Problem statement:
From the first line down to the line containing "История помола кофейных", print the records below exactly, leaving every picture out.

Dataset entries
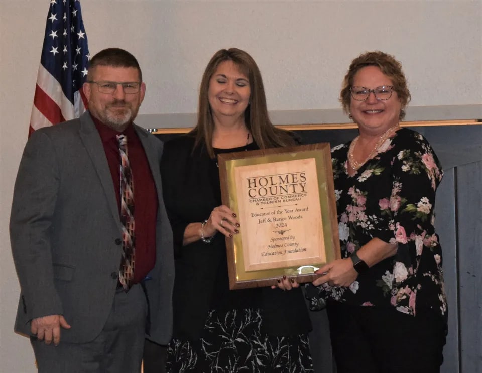 Jeff and Renee Woods expressed their gratitude for their award. About the principals at Millersburg Elementary School and West Holmes Middle School, presenter Shasta Mast noted how lucky some students are to have gone from the guidance of Renee Woods in elementary school to Jeff Woods in middle school.
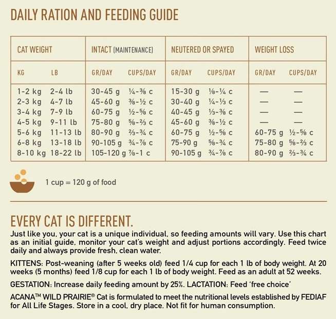 ACANA WILD PRAIRIE CAT GRAIN-FREE je kompletné krmivo pre dospelé mačky všetkých plemien. Obsahuje mäso z voľne chovaných kurčiat a moriek a voľne lovených rýb. Kvalitné živočíšne proteíny a omega 3 prispievajú k výbornej kondícii mačky. 75 % MASA | 1/2 ČERSTVÁ
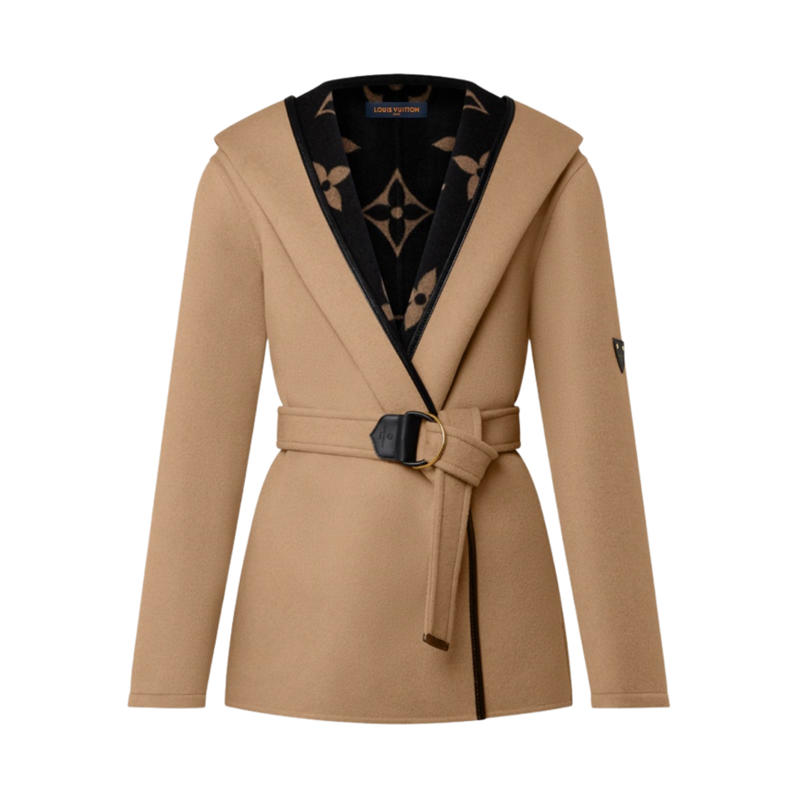 (W) 루이비통 시그니쳐 숏 후드 랩 코트 카라멜
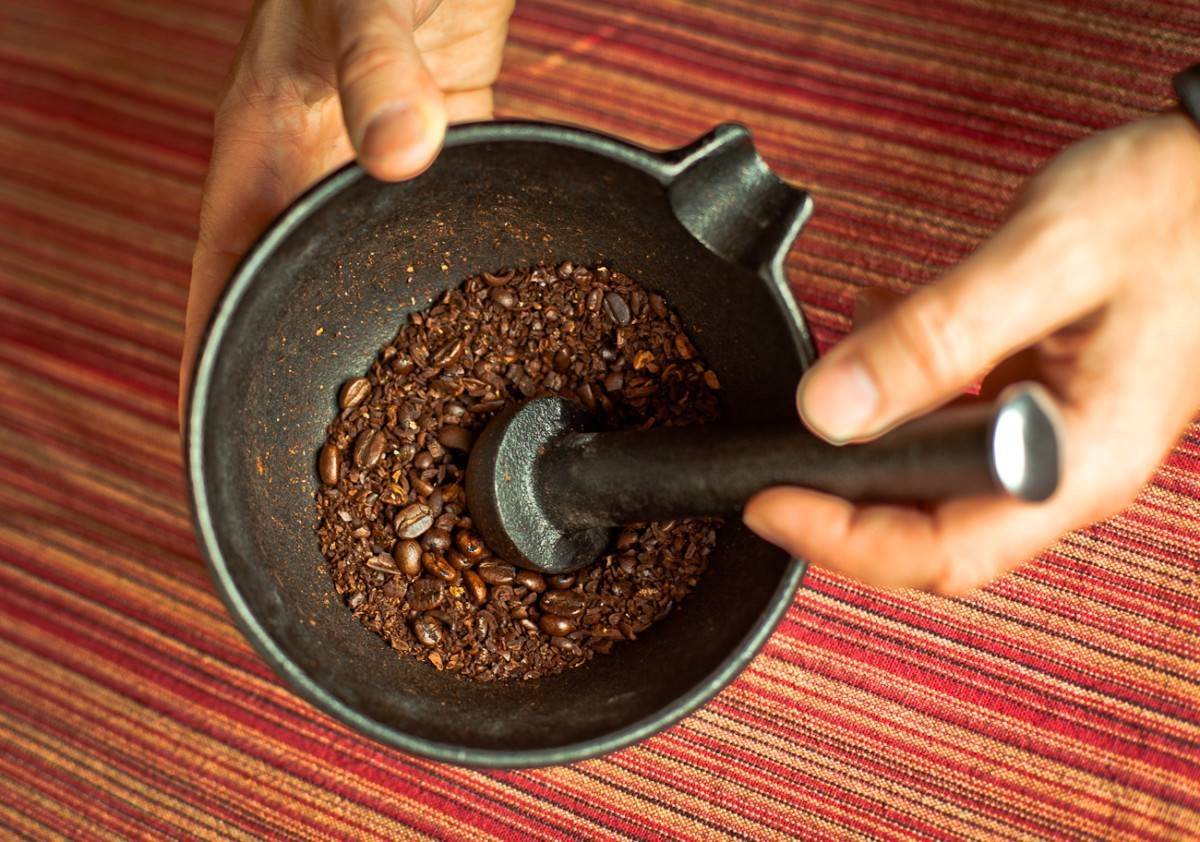 История помола кофейных зерен не сразу началась с привычной всеми ручной кофемолки. Первое устройство для измельчения выглядело как обычная деревянная или металлическая ступа и называлось песта. Это было деревянное приспособление с помощью, которого в небольшой чаше растирались зерна кофе. Процесс этот был достаточно трудоемким и требовал много времени и сил для осуществления. Конечный продукт не стоит сравнивать с привычным для современного человека кофе.
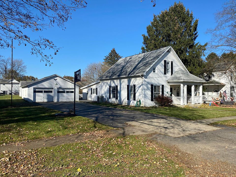 Charming cottage in the village of Utica. 3 bed/ 1 bath with large eat-in kitchen, dining room, living room and two car garage. This home is situated on a double lot with a large back deck for entertaining. This home is being sold as is.
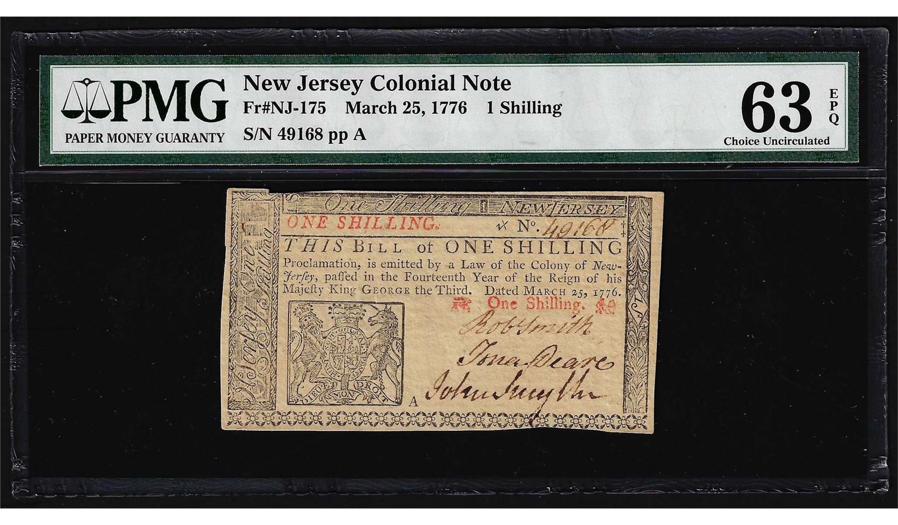 March 25, 1776 New Jersey 1 Shillings Colonial Note PMG Choice Uncirculated 63EP

Answer to the exercise:
 Jeff and Renee Woods expressed their gratitude for their award. About the principals at Millersburg Elementary School and West Holmes Middle School, presenter Shasta Mast noted how lucky some students are to have gone from the guidance of Renee Woods in elementary school to Jeff Woods in middle school.
 ACANA WILD PRAIRIE CAT GRAIN-FREE je kompletné krmivo pre dospelé mačky všetkých plemien. Obsahuje mäso z voľne chovaných kurčiat a moriek a voľne lovených rýb. Kvalitné živočíšne proteíny a omega 3 prispievajú k výbornej kondícii mačky. 75 % MASA | 1/2 ČERSTVÁ
 (W) 루이비통 시그니쳐 숏 후드 랩 코트 카라멜
 История помола кофейных зерен не сразу началась с привычной всеми ручной кофемолки. Первое устройство для измельчения выглядело как обычная деревянная или металлическая ступа и называлось песта. Это было деревянное приспособление с помощью, которого в небольшой чаше растирались зерна кофе. Процесс этот был достаточно трудоемким и требовал много времени и сил для осуществления. Конечный продукт не стоит сравнивать с привычным для современного человека кофе.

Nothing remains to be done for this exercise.